Segment Start: AVAILABLE DATA
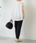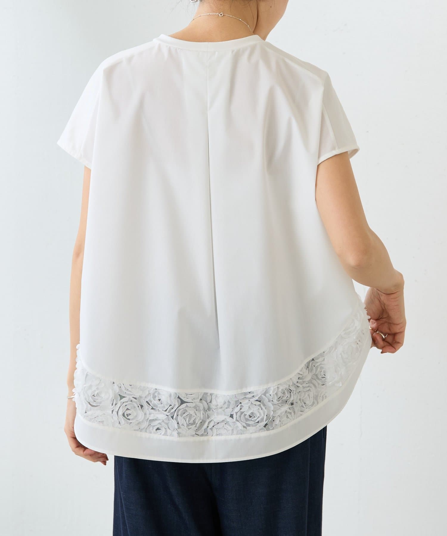 裾にあしらった花モチーフのフリル刺繍が目を惹くプルオーバー。
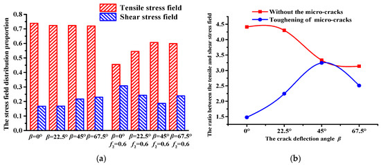 Figure 9 shows that as the crack deflection angle β increases, there are no significant changes in the stress field distribution in asphalt concrete without the influence of the micro-cracks. An increase in β causes a decrease in the tensile stress field distribution and an increase in the shear stress field, resulting in a decrease in the ratio between the tensile and shear stress fields (see Figure 10). This shows that without the influence of the micro-cracks, the fracture mode of the asphalt concrete gradually changes from mode-I fracture (mainly tensile fracture) to mode-II fracture (mainly shear fracture).
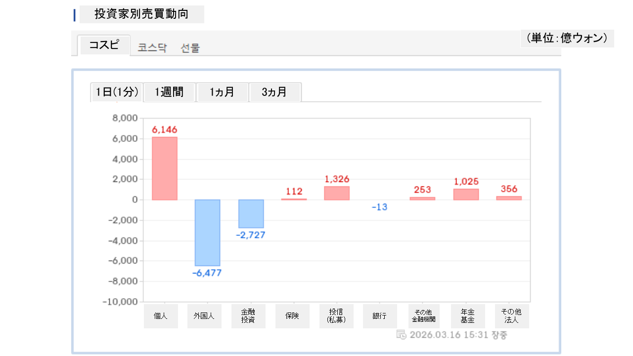 個人投資家は「6,146億ウォン」の買い越し外国人投資家は「6,477億ウォン」の売り越しです。
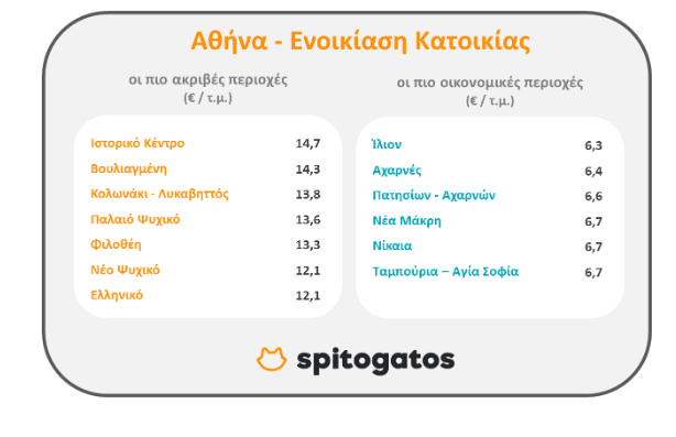 Ως προς την ενοικίαση κατοικίας, το ιστορικό κέντρο, η Βουλιαγμένη, η περιοχή του Κολωνακίου και του Λυκαβηττού, το Παλαιό Ψυχικό, το Νέο Ψυχικό και η Φιλοθέη είναι μεταξύ των ακριβότερων περιοχών της Αττικής, ενώ στη λίστα με τις περιοχές όπου εντοπίζονται τα ακριβότερα ενοίκια συγκαταλέγεται και το Ελληνικό.
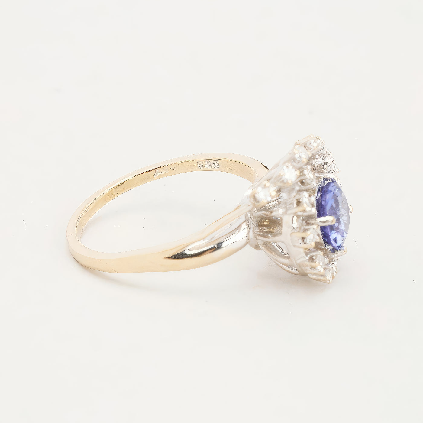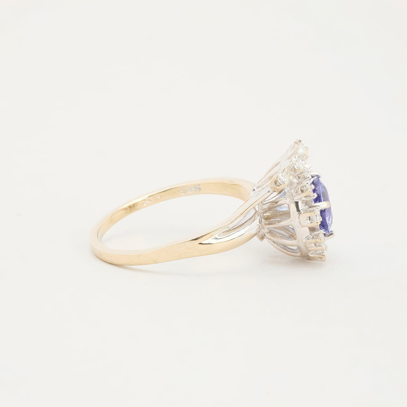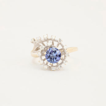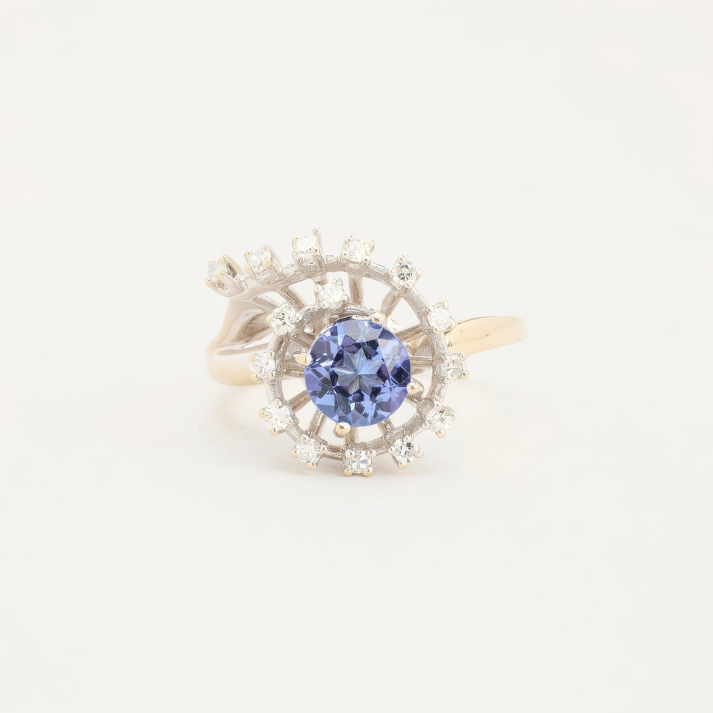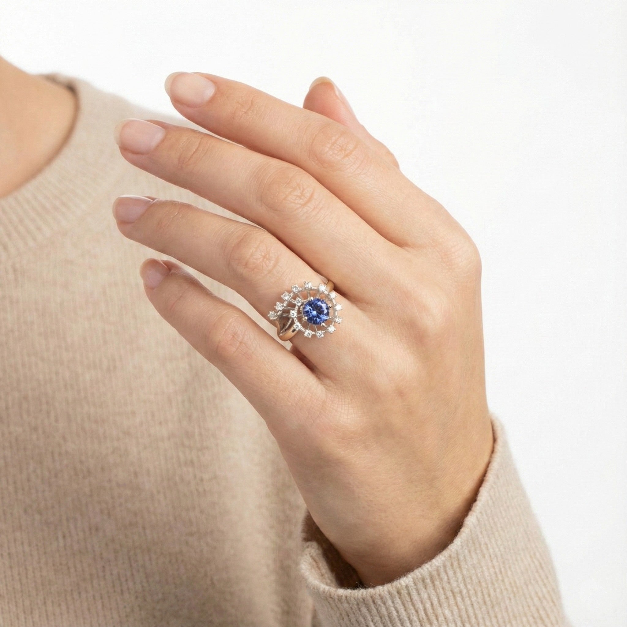 Clusterring i 14K hvidguld med diamanter (0.24 ct) og én tanzanit, Str. 57, 4.74 g
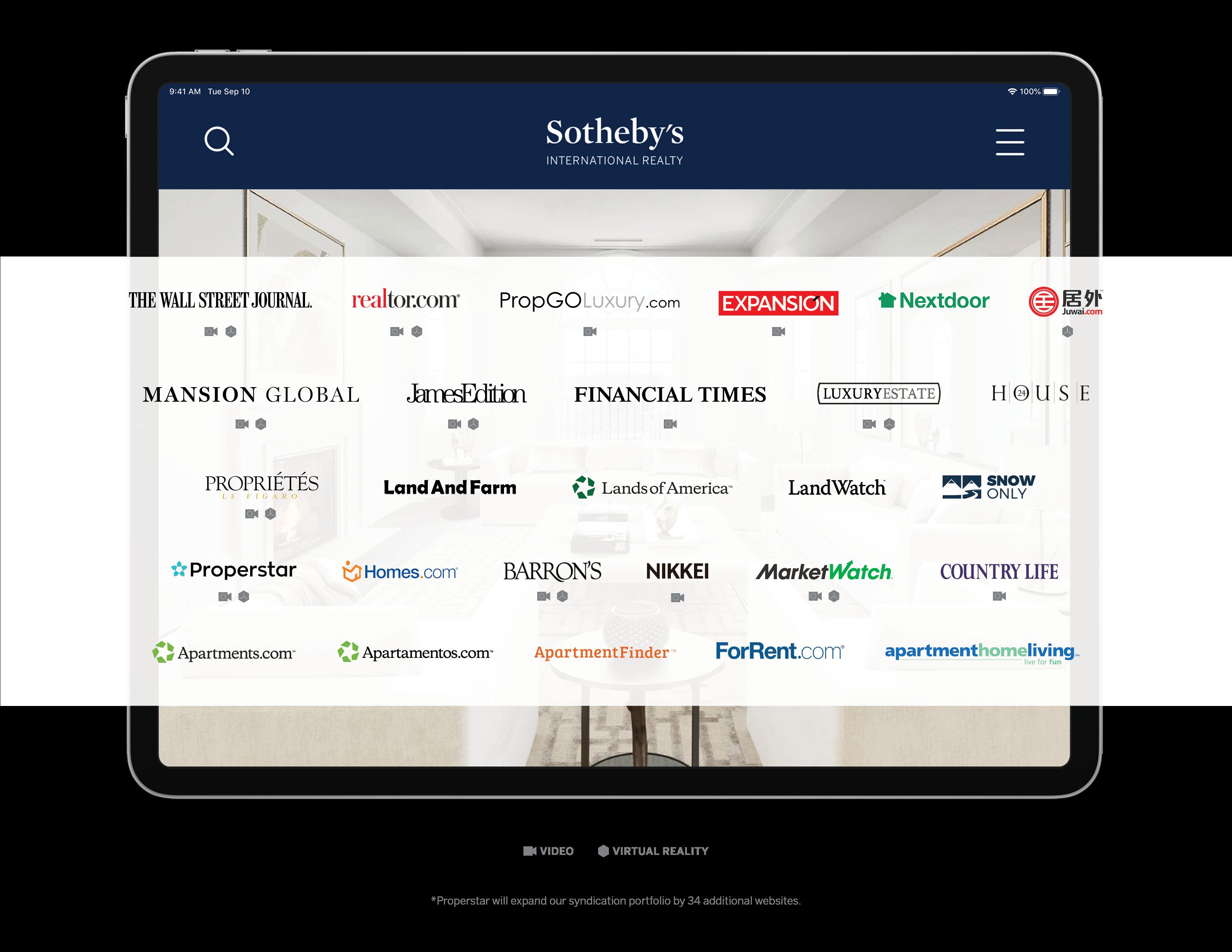 The exposure and worldwide reach of our listings is a crucial piece of what sets us apart from therest of the industry.Our global media partnersinclude themost authoritative news,lifestyle,and financialvoices,as well as real estate-centric websites.Once ahome is showcased on sothebysrealty.com,it issyndicated to more than 30 international websites that are leaders in their categories and markets,and will also be marketed on more than 100 local Sotheby?s International Realty®websites.
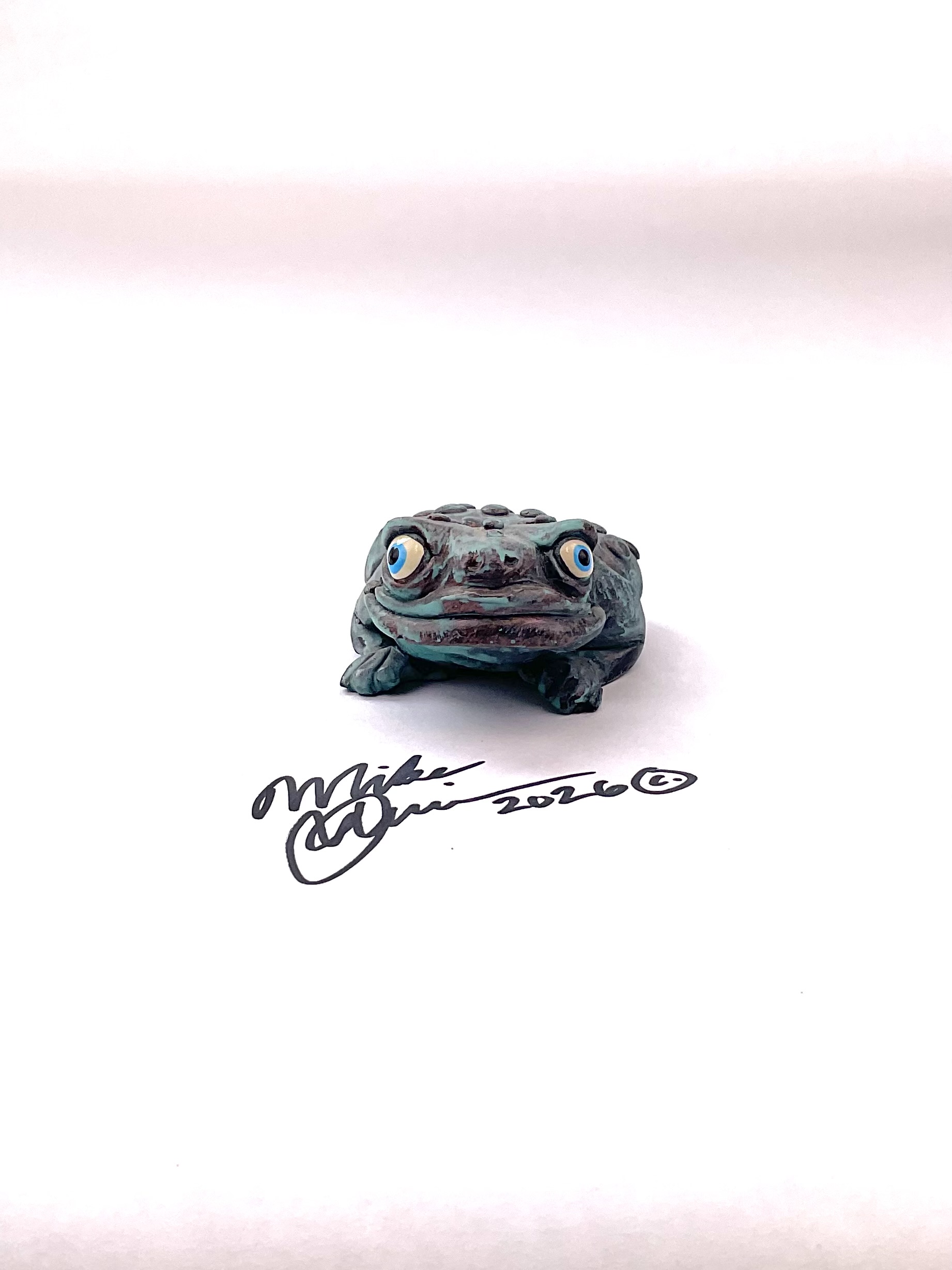 This snazzy frog is named “Felipe”. He always wanted to be a waiter, but the plates were far too heavy. He measures 3″ x 2″ and sits on the table. He’s sporting a hand painted custom finish that is designed for indoor use or outside in a protected/covered area.
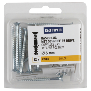 De GAMMA Basisplug nylon Ø 6mm met schroef, de meest gebruikte plug voor toepassing in massieve bouwmaterialen, zoals beton en massieve steen. U koopt de basisplug per 12 stuks, inclusief universeelschroef vz van 4x45mm . De basisplug is 30mm lang en heeft diepe vertanding .Zo bevestigt u met deze plug en universeelschroef vz middelzware materialen aan muren en wanden, bijvoorbeeld schilderijen, plinten en legplanken. De universeelschroef vz roest niet waardoor u deze ook buiten of in natte ruimtes, zoals de badkamer, kunt toepassen. De universeelschroef vz is 4mm dik en 45mm lang. Voorboren met een boormaat van 6mm benodigd. Dan zorgt u voor de meest stevige bevestiging. De verpakking bevat in totaal 12 basispluggen van 6mm dikte met bijbehorende universeelschroef vz
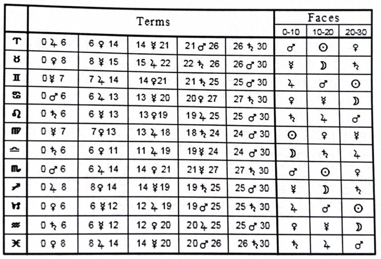 페이스(Face)는 데칸이라고도 하며, 이집트에서 발생했다. 각각의 조디악 사인을 10도씩 나누어서 3등분한다. 10도마다 다스리는 행성이 있다(칼데아 오더 순서). 페이스를 얻는 행성은 좋은 옷과 장신구를 걸친 사람과 같다. 페이스도 마이너 디그니티이며, 잘 쓰이지는 않는다.
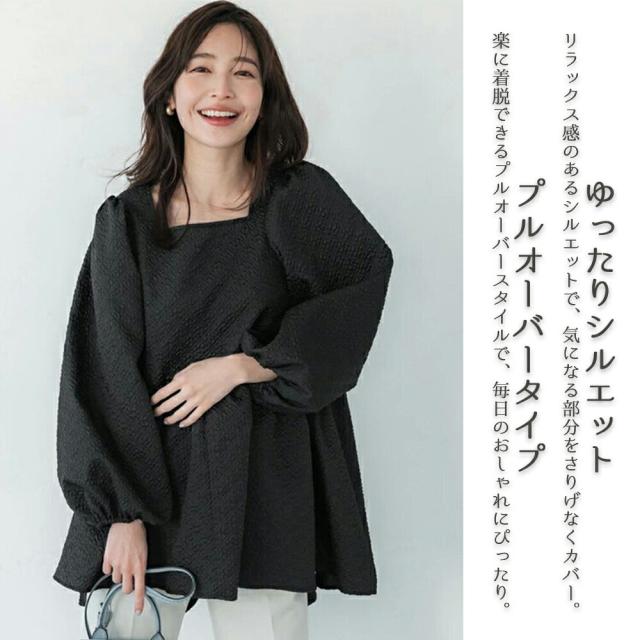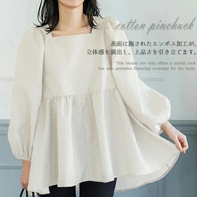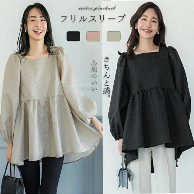 ブラウス レディース トップス プルオーバー フリルス 体型カバー パーカー トレーナー シャツ エンボス加工 スクエアネック パフスリーブ おしゃれ ゆったり【品番】
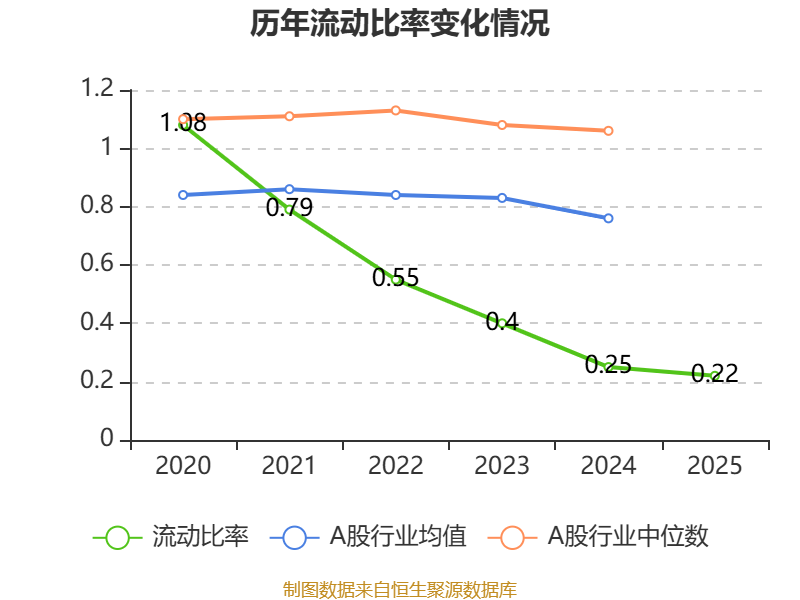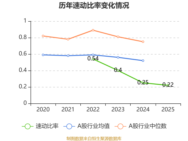 2025年,公司流动比率为0.22,速动比率为0.22。
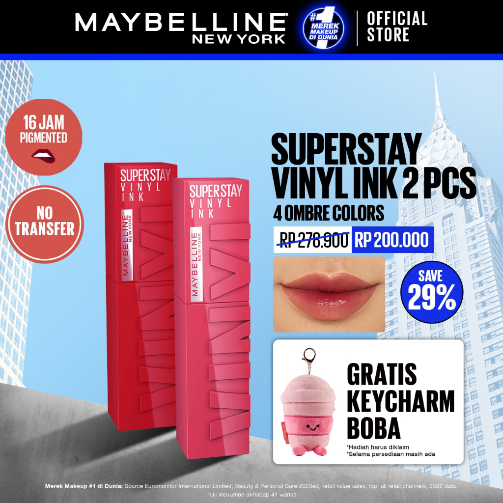 maybelline official store MAYBELLINE OFFICIAL Paket Hemat Superstay Vinyl Ink 2 pcs Ombre Set Lipstick Long Lasting
Segment End: AVAILABLE DATA
• **WHAT YOU SHOULD DO**: Please output the entries above exactly, leaving out every picture.

• **ANSWER SECTION**:
 裾にあしらった花モチーフのフリル刺繍が目を惹くプルオーバー。
 Figure 9 shows that as the crack deflection angle β increases, there are no significant changes in the stress field distribution in asphalt concrete without the influence of the micro-cracks. An increase in β causes a decrease in the tensile stress field distribution and an increase in the shear stress field, resulting in a decrease in the ratio between the tensile and shear stress fields (see Figure 10). This shows that without the influence of the micro-cracks, the fracture mode of the asphalt concrete gradually changes from mode-I fracture (mainly tensile fracture) to mode-II fracture (mainly shear fracture).
 個人投資家は「6,146億ウォン」の買い越し外国人投資家は「6,477億ウォン」の売り越しです。
 Ως προς την ενοικίαση κατοικίας, το ιστορικό κέντρο, η Βουλιαγμένη, η περιοχή του Κολωνακίου και του Λυκαβηττού, το Παλαιό Ψυχικό, το Νέο Ψυχικό και η Φιλοθέη είναι μεταξύ των ακριβότερων περιοχών της Αττικής, ενώ στη λίστα με τις περιοχές όπου εντοπίζονται τα ακριβότερα ενοίκια συγκαταλέγεται και το Ελληνικό.
 Clusterring i 14K hvidguld med diamanter (0.24 ct) og én tanzanit, Str. 57, 4.74 g
 The exposure and worldwide reach of our listings is a crucial piece of what sets us apart from therest of the industry.Our global media partnersinclude themost authoritative news,lifestyle,and financialvoices,as well as real estate-centric websites.Once ahome is showcased on sothebysrealty.com,it issyndicated to more than 30 international websites that are leaders in their categories and markets,and will also be marketed on more than 100 local Sotheby?s International Realty®websites.
 This snazzy frog is named “Felipe”. He always wanted to be a waiter, but the plates were far too heavy. He measures 3″ x 2″ and sits on the table. He’s sporting a hand painted custom finish that is designed for indoor use or outside in a protected/covered area.
 De GAMMA Basisplug nylon Ø 6mm met schroef, de meest gebruikte plug voor toepassing in massieve bouwmaterialen, zoals beton en massieve steen. U koopt de basisplug per 12 stuks, inclusief universeelschroef vz van 4x45mm . De basisplug is 30mm lang en heeft diepe vertanding .Zo bevestigt u met deze plug en universeelschroef vz middelzware materialen aan muren en wanden, bijvoorbeeld schilderijen, plinten en legplanken. De universeelschroef vz roest niet waardoor u deze ook buiten of in natte ruimtes, zoals de badkamer, kunt toepassen. De universeelschroef vz is 4mm dik en 45mm lang. Voorboren met een boormaat van 6mm benodigd. Dan zorgt u voor de meest stevige bevestiging. De verpakking bevat in totaal 12 basispluggen van 6mm dikte met bijbehorende universeelschroef vz
 페이스(Face)는 데칸이라고도 하며, 이집트에서 발생했다. 각각의 조디악 사인을 10도씩 나누어서 3등분한다. 10도마다 다스리는 행성이 있다(칼데아 오더 순서). 페이스를 얻는 행성은 좋은 옷과 장신구를 걸친 사람과 같다. 페이스도 마이너 디그니티이며, 잘 쓰이지는 않는다.
 ブラウス レディース トップス プルオーバー フリルス 体型カバー パーカー トレーナー シャツ エンボス加工 スクエアネック パフスリーブ おしゃれ ゆったり【品番】
 2025年,公司流动比率为0.22,速动比率为0.22。
 maybelline official store MAYBELLINE OFFICIAL Paket Hemat Superstay Vinyl Ink 2 pcs Ombre Set Lipstick Long Lasting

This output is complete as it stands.